指定将具有非零值的整数视为true，将具有零值的整数视为false.文字常量.TRUE.具有1的整数值和文字常量.FALSE.的整数值为0.此表示形式由8.0之前的Intel Fortran版本和Fortran PowerStation使用.

默认值为fpscomp nologicals，它指定将奇数整数值(低位1)视为true，并将偶数整数(低位零)视为false.

文字常量.TRUE.具有整数值-1和文字常量.FALSE.具有0的整数值.Compaq Visual Fortran使用此表示形式. Fortran标准未指定LOGICAL值的内部表示形式. 在LOGICAL上下文中使用整数值或将LOGICAL值传递给用其他语言编写的过程的程序是不可移植的，可能无法正确执行.英特尔建议您避免依赖于LOGICAL值的内部表示形式的编码实践.

(添加了重点)

现在，LOGICAL的内部表示形式通常不成问题，因为根据我的收集，如果您按规则"进行游戏，并且不要跨越语言界限，您不会注意到.对于符合标准的程序，不存在直接转换".在INTEGER和LOGICAL之间；我看到的唯一可以将INTEGER推入LOGICAL的方法似乎是TRANSFER，它本质上是不可移植的，不能提供真正的保证，或者是非标准的INTEGER<->. LOGICAL分配后的转换.

记录了后一个 > 总是使结果始终为非零-> .TRUE.，零-> .FALSE.和您可以看到，在所有情况下都生成了代码来实现此目的(甚至尽管在使用传统表示法的ifort情况下它是复杂的代码)，所以您似乎无法以这种方式将任意整数推入LOGICAL中.

logical*1 function integer_to_logical(x)
    integer, intent(in) :: x
    integer_to_logical = x
    return
end function integer_to_logical

integer_to_logical_:
        mov     eax, DWORD PTR [rdi]
        test    eax, eax
        setne   al
        ret

LOGICAL*1的反向转换是整数零扩展(gfort)，因此，为了兑现上面链接的文档中的合同，很显然，我们希望LOGICAL值为0或1./p>

但通常，这些转换的情况有点一团糟，所以我就远离他们.

所以，长话短说:避免将INTEGER数据放入LOGICAL值，因为即使在Fortran中它也很糟糕，并确保使用正确的编译器标志来获取ABI兼容的布尔值表示形式和互操作性使用C/C ++应该没问题.但是为了更加安全，我只在C ++一侧使用普通的char.

最后，从我收集到的信息中从文档开始，在ifort中，内置了对与C互操作性的支持，包括布尔值；您可以尝试利用它.

If I get a bool variable and set its second bit to 1, then variable evaluates to true and false at the same time.
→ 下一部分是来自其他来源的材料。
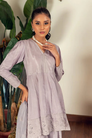 An outfit crafted with utmost attention to details a festive look that is perfect for a Eid. This peshwas is cut from a cotton silk that is rendered with delicate cutwork and schiffli embroidery. Complete the look with a cutwork net dupatta, paired with matching Gharara pants.Material : Cotton Silk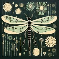 Een libel zweeft tegen een diepgroene nacht waarin hoge bloemstelen als regen opstijgen en bleke bloemen rond de vleugels gloeien. Het lichaam is getekend met duidelijke segmenten en de vleugels hebben zachte kleurverlopen bezaaid met kleine vlekjes, zodat de vorm delicaat en toch gedecideerd aanvoelt. Cirkels en bloemblaadjes herhalen zich op de achtergrond om het oog te leiden zonder de compositie te verdringen. Het contrast tussen de lichte vleugels en het donkere veld zorgt ervoor dat het beeld op afstand krachtig overkomt, terwijl van dichtbij ringen, kruizen en kleine texturen te zien zijn die een handgemaakt karakter toevoegen.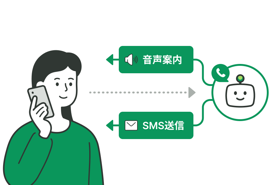 オペレーターの代わりにAIシステムが電話に対応。用件のヒアリング、SMS送信、担当者への転送を自動で行い、圧倒的な低コストで「電話に出られない」課題を解決します。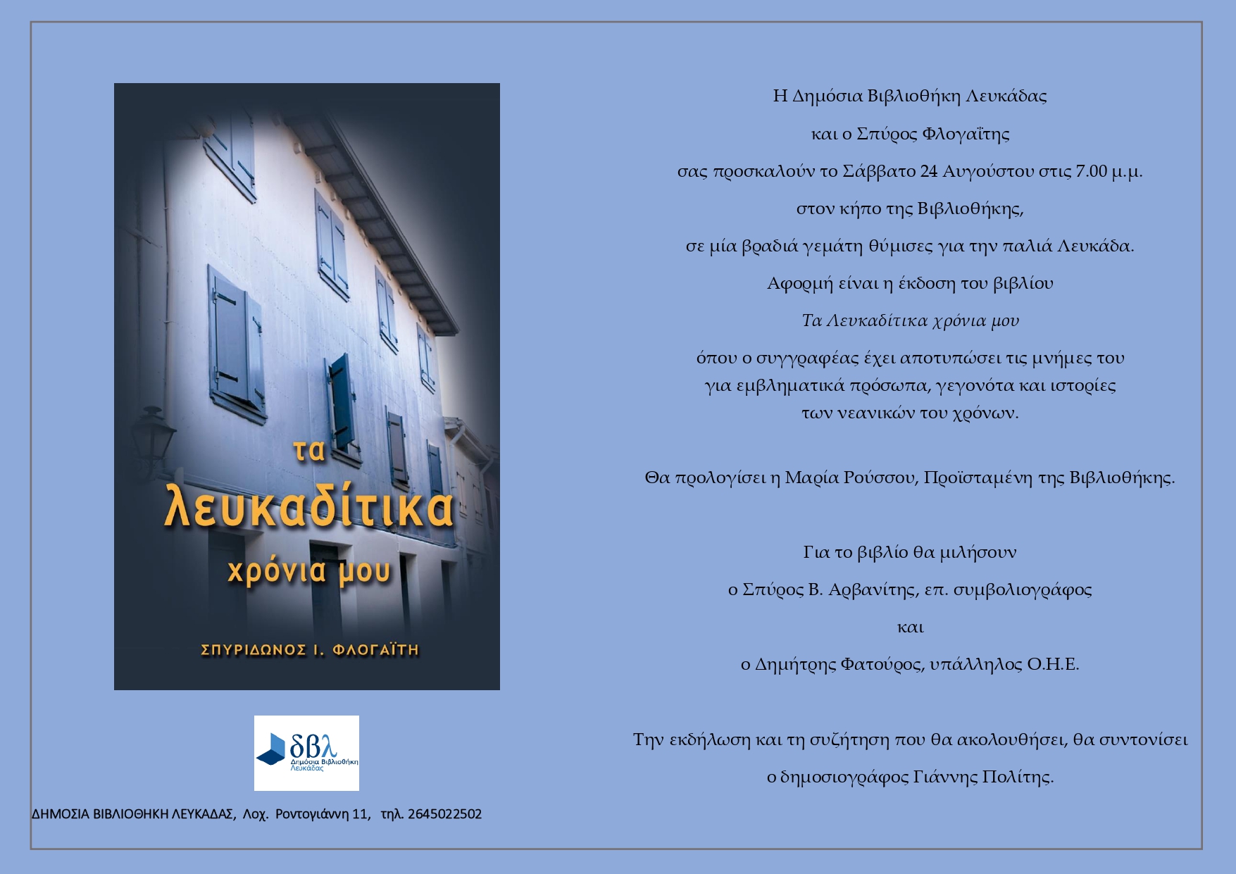 Η Δημόσια Βιβλιοθήκη Λευκάδας και ο Σπύρος Φλογαΐτης σας προσκαλούν το Σάββατο 24 Αυγούστου στις 7.00 μ.μ. στον κήπο της Βιβλιοθήκης, σε μία βραδιά γεμάτη θύμισες για την παλιά Λευκάδα.

Compile the following code with gcc6.3 with -g option, (gcc-v6.3.0/Linux/RHEL6.0-2016-x86_64/bin/g++ -g main.cpp -o mytest_d) and run the executable. You get the following.
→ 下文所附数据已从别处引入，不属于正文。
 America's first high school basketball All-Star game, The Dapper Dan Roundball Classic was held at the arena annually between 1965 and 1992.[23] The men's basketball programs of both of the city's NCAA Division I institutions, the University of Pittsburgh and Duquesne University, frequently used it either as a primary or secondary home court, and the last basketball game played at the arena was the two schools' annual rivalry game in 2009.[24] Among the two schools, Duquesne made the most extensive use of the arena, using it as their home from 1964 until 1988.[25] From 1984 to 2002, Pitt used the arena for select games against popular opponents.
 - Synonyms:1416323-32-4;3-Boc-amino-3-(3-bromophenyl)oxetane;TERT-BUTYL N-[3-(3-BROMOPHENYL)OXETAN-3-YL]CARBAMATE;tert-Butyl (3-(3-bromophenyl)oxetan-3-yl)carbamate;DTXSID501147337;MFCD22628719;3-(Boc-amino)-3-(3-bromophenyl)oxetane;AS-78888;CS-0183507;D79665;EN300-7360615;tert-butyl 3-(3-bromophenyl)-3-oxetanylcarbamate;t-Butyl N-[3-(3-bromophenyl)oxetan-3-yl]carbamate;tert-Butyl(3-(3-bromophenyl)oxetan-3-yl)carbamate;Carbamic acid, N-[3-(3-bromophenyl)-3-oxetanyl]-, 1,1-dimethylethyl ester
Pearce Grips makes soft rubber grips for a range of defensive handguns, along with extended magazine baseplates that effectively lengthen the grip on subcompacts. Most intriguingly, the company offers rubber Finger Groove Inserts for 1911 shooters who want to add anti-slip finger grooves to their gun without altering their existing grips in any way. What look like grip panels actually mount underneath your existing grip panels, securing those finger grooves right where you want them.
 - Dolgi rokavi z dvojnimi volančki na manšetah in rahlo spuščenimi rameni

How can T be equal to true and false at the same time?

       value   bits 
       -----   ---- 
    T:   1     0001
after bit change
    T:   3     0011
T is true
T is false

This can happen when you call a function in a different language (say fortran) where true and false definition is different than C++. For fortran if any bits are not 0 then the value is true, if all bits are zero then the value is false.

#include <iostream>
#include <bitset>

using namespace std;

void set_bits_to_1(void* val){
  char *x = static_cast<char *>(val);

  for (int i = 0; i<2; i++ ){
    *x |= (1UL << i);
  }
}

int main(int argc,char *argv[])
{

  bool T = 3;

  cout <<"       value   bits " <<endl;
  cout <<"       -----   ---- " <<endl;
  cout <<"    T:   "<< T <<"     "<< bitset<4>(T)<<endl;

  set_bits_to_1(&T);


  bitset<4> bit_T = bitset<4>(T);
  cout <<"after bit change"<<endl;
  cout <<"    T:   "<< T <<"     "<< bit_T<<endl;

  if (T ){
    cout <<"T is true" <<endl;
  }

  if ( T == false){
    cout <<"T is false" <<endl;
  }


}

/////////////////////////////////// // Fortran function that is not compatible with C++ when compiled with ifort.

       logical*1 function return_true()
         implicit none

         return_true = 1;

       end function return_true

解决方案

In C++ the bit representation (and even the size) of a bool is implementation defined; generally it's implemented as a char-sized type taking 1 or 0 as possible values.

If you set its value to anything different from the allowed ones (in this specific case by aliasing a bool through a char and modifying its bit representation), you are breaking the rules of the language, so anything can happen. In particular, it's explicitly specified in the standard that a "broken" bool may behave as both true and false (or neither true nor false) at the same time:

Using a bool value in ways described by this International Standard as "undefined," such as by examining the value of an uninitialized automatic object, might cause it to behave as if it is neither true nor false

(C++11, [basic.fundamental], note 47)

In this particular case, you can see how it ended up in this bizarre situation: the first if gets compiled to

    movzx   eax, BYTE PTR [rbp-33]
    test    al, al
    je      .L22

which loads T in eax (with zero extension), and skips the print if it's all zero; the next if instead is

    movzx   eax, BYTE PTR [rbp-33]
    xor     eax, 1
    test    al, al
    je      .L23

The test if(T == false) is transformed to if(T^1), which flips just the low bit. This would be ok for a valid bool, but for your "broken" one it doesn't cut it.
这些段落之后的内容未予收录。